Tyranny Interview

The folks at Red Bull recently chatted up Obsidian Entertainment game director Brian Heins about their forthcoming RPG Tyranny, and the result is an article-style interview that broaches a number of topics from the player's choices around morality to its classless character progression system. A little something from the article:

Moral and faction choices aren't anything new in RPGs, but the other interesting part of Tyranny's pitch is that, for a modern RPG, it's going to be short: just 20-25 hours long for a playthrough. The rationale is twofold. Firstly, if you've tried to juggle Fallout 4, Dark Souls 3 and The Witcher 3 at the same time, you'll have realised that the only way to complete all three is to give up your job and seal yourself in your apartment like a zombie pandemic is kicking off outside. And secondly, making an RPG a quarter of the length of its triple-A competitors means even more branching choices and consequences can be squeezed in.
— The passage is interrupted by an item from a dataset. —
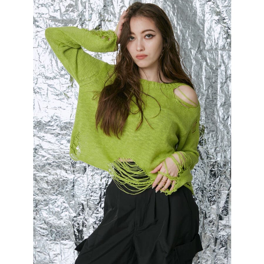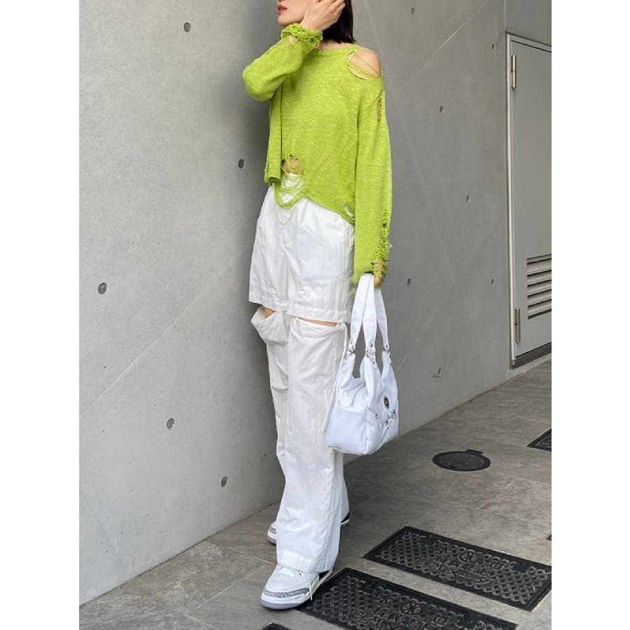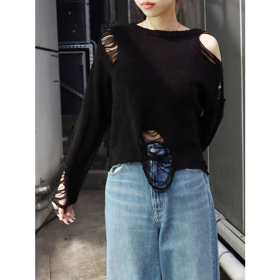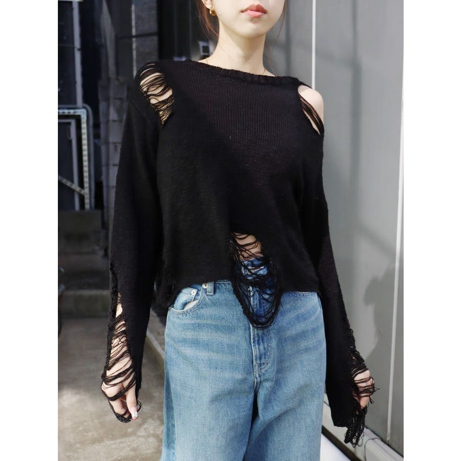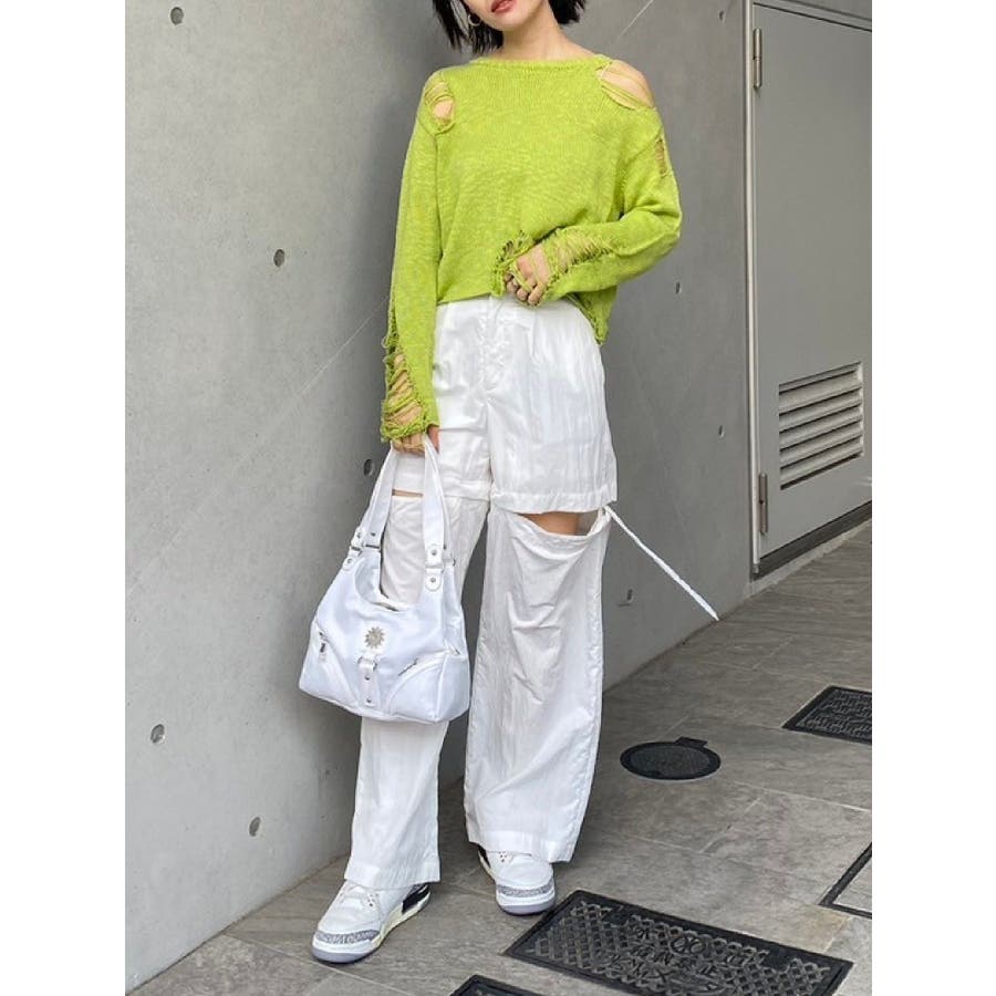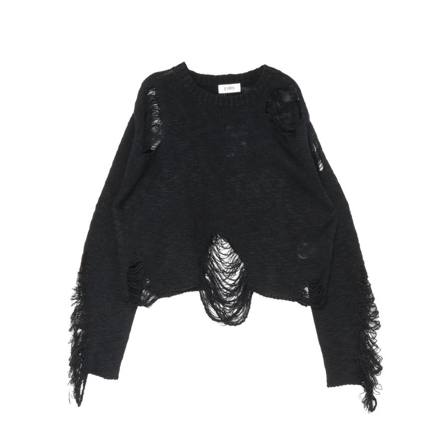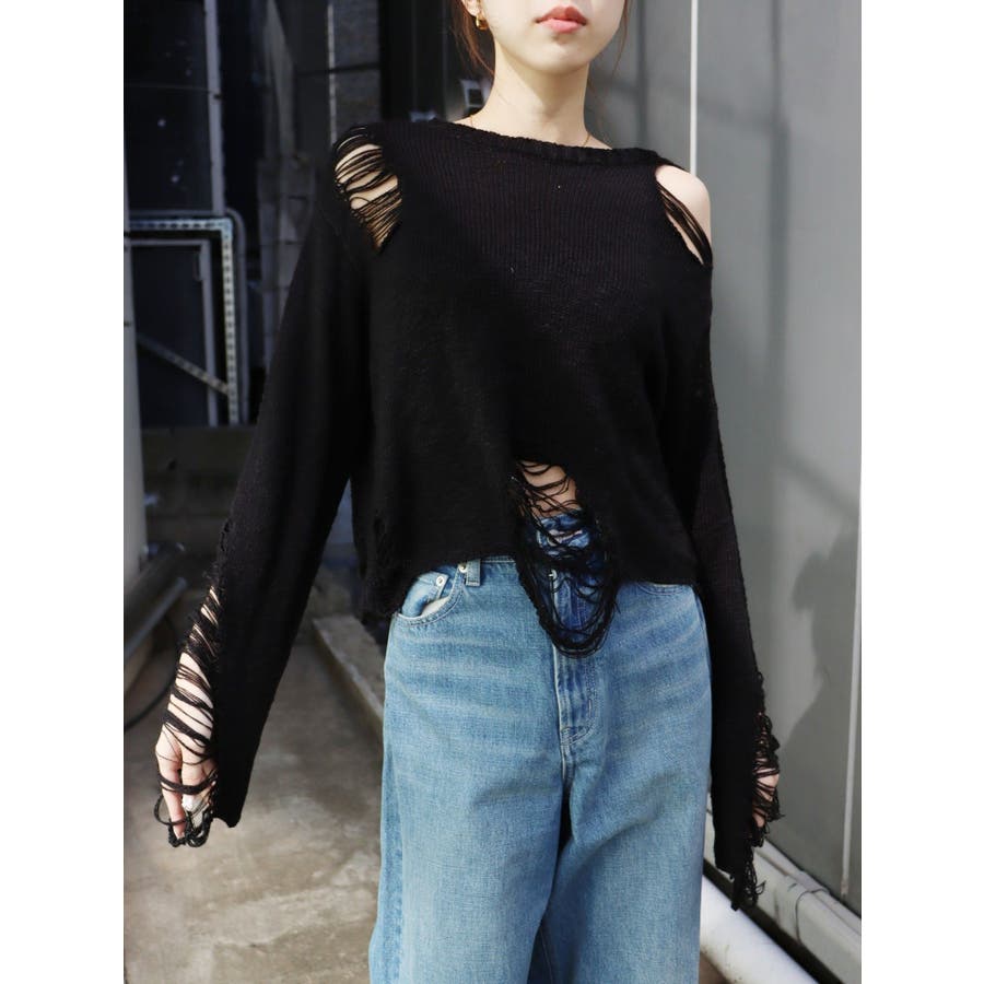 ■デザイン 昨年も大人気だった、全体的にダメージを施したニットトップスです。 エッジの効いた印象にするために、きつめにダメージが入っています。 ■スタイリング エッジのあるトップスにはシンプルなボトムやデニムがおすすめ。 ミニボトムでも雰囲気が出るのでコーデの幅が広がります。 ■おすすめスタイリングアイテム >>パラシュートパンツ-------------- 透け感:あり 裏地:なし 生地の厚み:普通 伸縮性:あり --------------

(Ultimately, we wanted to make a game that people could finish in a reasonable timeframe, and then maybe come back to and play again,) Heins tells RedBull.com of the game's truncated play time. (The amount of time that I can dedicate to 100-plus hour games is very limited. So I want to make a game that I could sit down with for a couple of weekends and finish and have a great experience, and then when I come back to it again, I can make different choices and have a very different experience.)

Tyranny's replay factor will, Heins explains, come down to more than just choosing different factions. Unlike Pillars, Tyranny's character progression system isn't based on classes; instead, there's an Elder Scrolls-ian skill-based structure in which your character will (intuitively) get better at the things they do most like real life, only with more fireballs. The result, according to Heins, is that players who want to run a standard fantasy build your Mages, your Tanks, your Rogues will be able to do so organically by choosing actions that play to those classes' strengths. But if you're feeling more adventurous, you can invest your time in novel combinations of abilities to create your own anti-heroic mish-mash.